### SOURCE MATERIAL
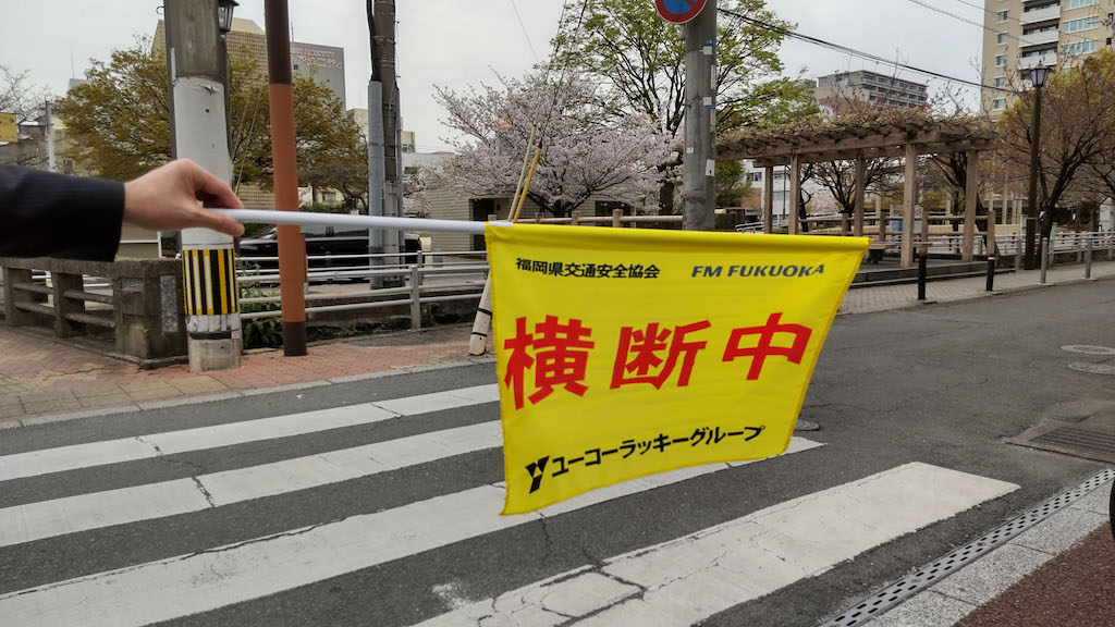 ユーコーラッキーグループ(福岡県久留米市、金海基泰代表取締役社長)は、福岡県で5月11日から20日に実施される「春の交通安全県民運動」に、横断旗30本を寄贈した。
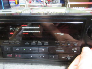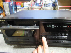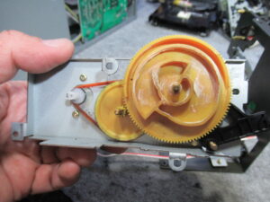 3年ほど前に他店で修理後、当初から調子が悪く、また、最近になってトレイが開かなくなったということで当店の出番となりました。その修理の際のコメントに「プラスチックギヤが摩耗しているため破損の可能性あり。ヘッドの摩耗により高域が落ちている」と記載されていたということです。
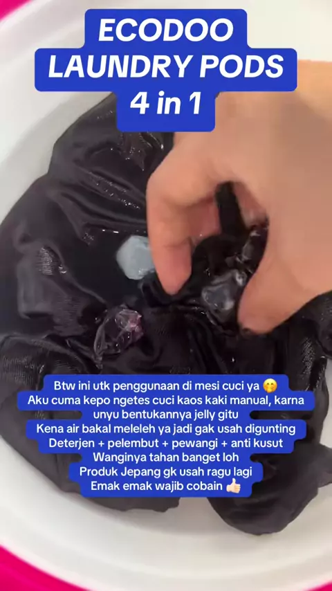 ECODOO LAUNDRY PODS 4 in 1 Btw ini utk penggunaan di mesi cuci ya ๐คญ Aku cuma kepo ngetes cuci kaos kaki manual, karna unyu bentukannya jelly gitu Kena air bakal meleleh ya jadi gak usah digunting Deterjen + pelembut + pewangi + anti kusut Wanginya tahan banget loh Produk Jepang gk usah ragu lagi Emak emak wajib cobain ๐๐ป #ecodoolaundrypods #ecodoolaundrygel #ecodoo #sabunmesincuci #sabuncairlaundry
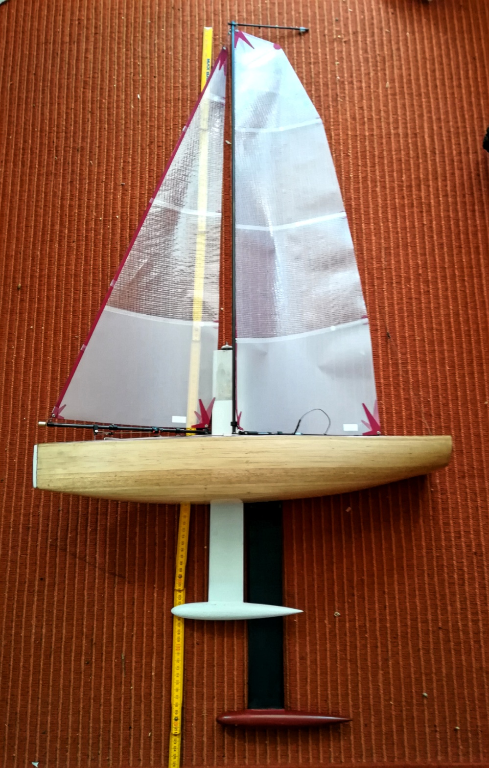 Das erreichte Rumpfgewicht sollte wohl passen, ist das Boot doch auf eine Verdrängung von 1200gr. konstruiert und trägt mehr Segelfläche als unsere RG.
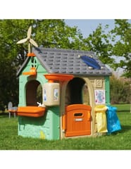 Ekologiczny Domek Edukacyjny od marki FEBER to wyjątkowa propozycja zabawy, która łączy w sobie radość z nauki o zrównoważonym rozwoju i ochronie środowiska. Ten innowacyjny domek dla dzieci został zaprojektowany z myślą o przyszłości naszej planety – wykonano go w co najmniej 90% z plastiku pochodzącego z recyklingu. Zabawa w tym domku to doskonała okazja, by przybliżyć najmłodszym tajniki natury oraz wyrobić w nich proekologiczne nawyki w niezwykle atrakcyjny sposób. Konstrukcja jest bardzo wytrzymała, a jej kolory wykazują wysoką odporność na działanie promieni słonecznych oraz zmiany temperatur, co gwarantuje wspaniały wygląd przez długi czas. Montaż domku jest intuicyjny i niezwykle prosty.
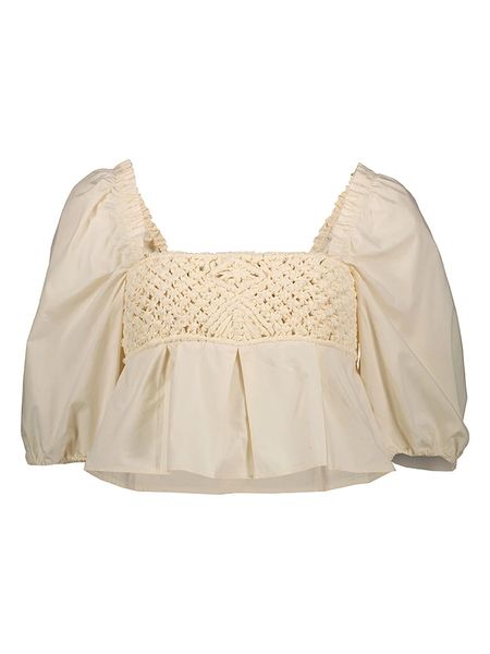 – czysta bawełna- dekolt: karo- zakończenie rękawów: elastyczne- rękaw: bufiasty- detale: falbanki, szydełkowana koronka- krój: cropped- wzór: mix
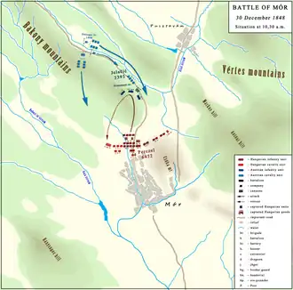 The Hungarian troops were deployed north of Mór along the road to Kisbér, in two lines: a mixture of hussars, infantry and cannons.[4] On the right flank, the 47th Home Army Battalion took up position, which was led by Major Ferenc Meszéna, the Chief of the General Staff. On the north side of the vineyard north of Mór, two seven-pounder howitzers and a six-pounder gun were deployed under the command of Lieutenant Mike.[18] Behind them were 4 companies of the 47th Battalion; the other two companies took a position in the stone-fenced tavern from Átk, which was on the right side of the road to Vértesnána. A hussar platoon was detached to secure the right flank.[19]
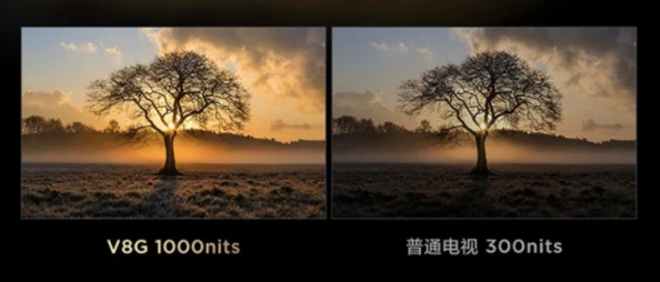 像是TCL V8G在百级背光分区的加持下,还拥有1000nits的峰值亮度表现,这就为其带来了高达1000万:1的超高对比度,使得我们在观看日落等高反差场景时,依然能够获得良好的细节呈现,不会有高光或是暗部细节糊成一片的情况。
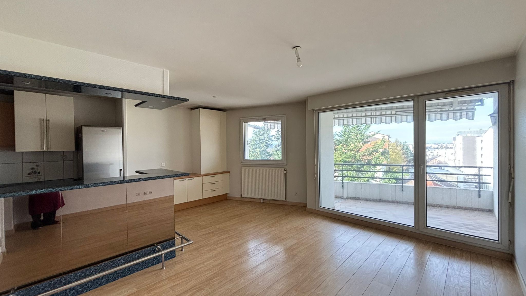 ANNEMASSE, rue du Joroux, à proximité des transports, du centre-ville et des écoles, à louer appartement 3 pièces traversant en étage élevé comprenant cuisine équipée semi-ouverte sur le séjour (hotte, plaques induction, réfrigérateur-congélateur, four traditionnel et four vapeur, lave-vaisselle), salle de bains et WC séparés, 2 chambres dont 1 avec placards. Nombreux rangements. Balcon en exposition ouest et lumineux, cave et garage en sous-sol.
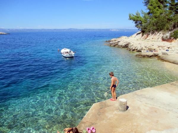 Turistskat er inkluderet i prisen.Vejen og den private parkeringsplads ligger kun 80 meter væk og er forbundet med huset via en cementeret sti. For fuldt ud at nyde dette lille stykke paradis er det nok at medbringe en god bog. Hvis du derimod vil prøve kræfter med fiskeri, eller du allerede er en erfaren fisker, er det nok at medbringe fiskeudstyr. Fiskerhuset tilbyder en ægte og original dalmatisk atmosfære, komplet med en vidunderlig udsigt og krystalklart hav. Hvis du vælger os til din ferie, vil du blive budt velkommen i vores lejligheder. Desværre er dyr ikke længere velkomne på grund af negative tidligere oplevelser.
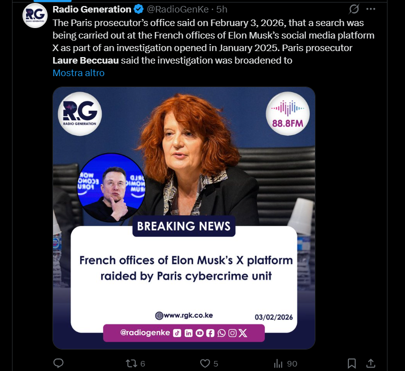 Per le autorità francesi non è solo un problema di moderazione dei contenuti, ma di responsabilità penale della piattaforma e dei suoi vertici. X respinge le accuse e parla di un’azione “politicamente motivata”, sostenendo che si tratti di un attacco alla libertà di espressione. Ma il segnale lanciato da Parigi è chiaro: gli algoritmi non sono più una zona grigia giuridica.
######
(EXERCISE INSTRUCTIONS) Everything in the records except the pictures is to be repeated exactly.

(RESULT OF THIS TASK)
 ユーコーラッキーグループ(福岡県久留米市、金海基泰代表取締役社長)は、福岡県で5月11日から20日に実施される「春の交通安全県民運動」に、横断旗30本を寄贈した。
 3年ほど前に他店で修理後、当初から調子が悪く、また、最近になってトレイが開かなくなったということで当店の出番となりました。その修理の際のコメントに「プラスチックギヤが摩耗しているため破損の可能性あり。ヘッドの摩耗により高域が落ちている」と記載されていたということです。
 ECODOO LAUNDRY PODS 4 in 1 Btw ini utk penggunaan di mesi cuci ya ๐คญ Aku cuma kepo ngetes cuci kaos kaki manual, karna unyu bentukannya jelly gitu Kena air bakal meleleh ya jadi gak usah digunting Deterjen + pelembut + pewangi + anti kusut Wanginya tahan banget loh Produk Jepang gk usah ragu lagi Emak emak wajib cobain ๐๐ป #ecodoolaundrypods #ecodoolaundrygel #ecodoo #sabunmesincuci #sabuncairlaundry
 Das erreichte Rumpfgewicht sollte wohl passen, ist das Boot doch auf eine Verdrängung von 1200gr. konstruiert und trägt mehr Segelfläche als unsere RG.
 Ekologiczny Domek Edukacyjny od marki FEBER to wyjątkowa propozycja zabawy, która łączy w sobie radość z nauki o zrównoważonym rozwoju i ochronie środowiska. Ten innowacyjny domek dla dzieci został zaprojektowany z myślą o przyszłości naszej planety – wykonano go w co najmniej 90% z plastiku pochodzącego z recyklingu. Zabawa w tym domku to doskonała okazja, by przybliżyć najmłodszym tajniki natury oraz wyrobić w nich proekologiczne nawyki w niezwykle atrakcyjny sposób. Konstrukcja jest bardzo wytrzymała, a jej kolory wykazują wysoką odporność na działanie promieni słonecznych oraz zmiany temperatur, co gwarantuje wspaniały wygląd przez długi czas. Montaż domku jest intuicyjny i niezwykle prosty.
 – czysta bawełna- dekolt: karo- zakończenie rękawów: elastyczne- rękaw: bufiasty- detale: falbanki, szydełkowana koronka- krój: cropped- wzór: mix
 The Hungarian troops were deployed north of Mór along the road to Kisbér, in two lines: a mixture of hussars, infantry and cannons.[4] On the right flank, the 47th Home Army Battalion took up position, which was led by Major Ferenc Meszéna, the Chief of the General Staff. On the north side of the vineyard north of Mór, two seven-pounder howitzers and a six-pounder gun were deployed under the command of Lieutenant Mike.[18] Behind them were 4 companies of the 47th Battalion; the other two companies took a position in the stone-fenced tavern from Átk, which was on the right side of the road to Vértesnána. A hussar platoon was detached to secure the right flank.[19]
 像是TCL V8G在百级背光分区的加持下,还拥有1000nits的峰值亮度表现,这就为其带来了高达1000万:1的超高对比度,使得我们在观看日落等高反差场景时,依然能够获得良好的细节呈现,不会有高光或是暗部细节糊成一片的情况。
 ANNEMASSE, rue du Joroux, à proximité des transports, du centre-ville et des écoles, à louer appartement 3 pièces traversant en étage élevé comprenant cuisine équipée semi-ouverte sur le séjour (hotte, plaques induction, réfrigérateur-congélateur, four traditionnel et four vapeur, lave-vaisselle), salle de bains et WC séparés, 2 chambres dont 1 avec placards. Nombreux rangements. Balcon en exposition ouest et lumineux, cave et garage en sous-sol.
 Turistskat er inkluderet i prisen.Vejen og den private parkeringsplads ligger kun 80 meter væk og er forbundet med huset via en cementeret sti. For fuldt ud at nyde dette lille stykke paradis er det nok at medbringe en god bog. Hvis du derimod vil prøve kræfter med fiskeri, eller du allerede er en erfaren fisker, er det nok at medbringe fiskeudstyr. Fiskerhuset tilbyder en ægte og original dalmatisk atmosfære, komplet med en vidunderlig udsigt og krystalklart hav. Hvis du vælger os til din ferie, vil du blive budt velkommen i vores lejligheder. Desværre er dyr ikke længere velkomne på grund af negative tidligere oplevelser.
 Per le autorità francesi non è solo un problema di moderazione dei contenuti, ma di responsabilità penale della piattaforma e dei suoi vertici. X respinge le accuse e parla di un’azione “politicamente motivata”, sostenendo che si tratti di un attacco alla libertà di espressione. Ma il segnale lanciato da Parigi è chiaro: gli algoritmi non sono più una zona grigia giuridica.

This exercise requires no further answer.